=== Directions for this task ===
An unchanged copy of every record below, without pictures, is the goal.

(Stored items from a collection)

--*--

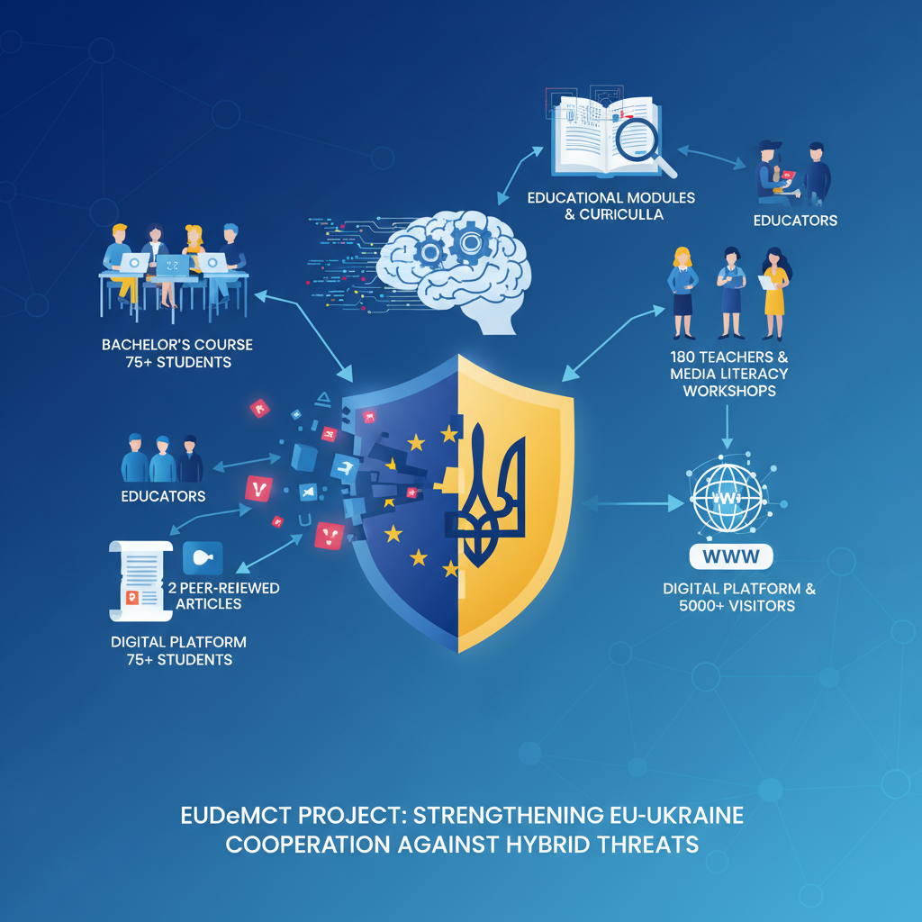 By integrating cybersecurity, political science, and strategic analysis, the EUDemCT project strengthens EU-Ukraine cooperation, promotes democratic resilience, and enhances institutional capacity to counter hybrid threats.
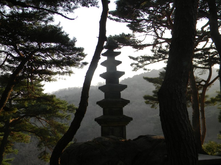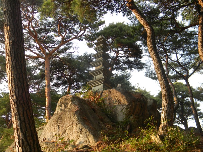 9. 바위에 뿌리를 내린 7층석탑과 그를 둘러싼 소나무들
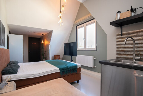 These beautifully fully furnished studios are located on the 1st and 2nd floor of the building. All studios have their own kitchen with hob, extractor and fridge. All studios are also equipped with a double bed, private bathroom with shower and toilet. All studios also have their own TV. Seating area or table where you can sit.
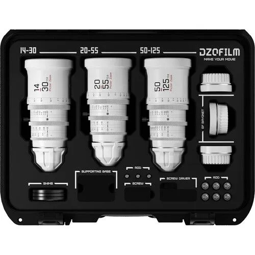 Набор объективов DZOFilm Pictor 14-30/50-125/20-55 представляет собой уникальный комплект, включающий в себя три кинематографических объектива из серии Pictor Zoom: 14-30mm, 20-55mm и 50-125mm. Этот набор обеспечивает возможность съемки разнообразных сцен и является идеальным выбором для творческих проектов.
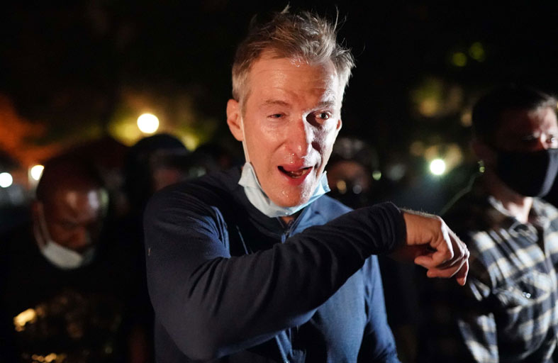 وأظهرت تسجيلات مصورة لوكالة فرانس برس رئيس البلدية الديموقراطي تيد ويلر واضعا نظارات واقية وقناعا أثناء إبعاده عن الحشود وسط سحب الغاز وانفجار المفرقعات النارية على مسافة قريبة.

--*--

=== Exercise result ===
 By integrating cybersecurity, political science, and strategic analysis, the EUDemCT project strengthens EU-Ukraine cooperation, promotes democratic resilience, and enhances institutional capacity to counter hybrid threats.
 9. 바위에 뿌리를 내린 7층석탑과 그를 둘러싼 소나무들
 These beautifully fully furnished studios are located on the 1st and 2nd floor of the building. All studios have their own kitchen with hob, extractor and fridge. All studios are also equipped with a double bed, private bathroom with shower and toilet. All studios also have their own TV. Seating area or table where you can sit.
 Набор объективов DZOFilm Pictor 14-30/50-125/20-55 представляет собой уникальный комплект, включающий в себя три кинематографических объектива из серии Pictor Zoom: 14-30mm, 20-55mm и 50-125mm. Этот набор обеспечивает возможность съемки разнообразных сцен и является идеальным выбором для творческих проектов.
 وأظهرت تسجيلات مصورة لوكالة فرانس برس رئيس البلدية الديموقراطي تيد ويلر واضعا نظارات واقية وقناعا أثناء إبعاده عن الحشود وسط سحب الغاز وانفجار المفرقعات النارية على مسافة قريبة.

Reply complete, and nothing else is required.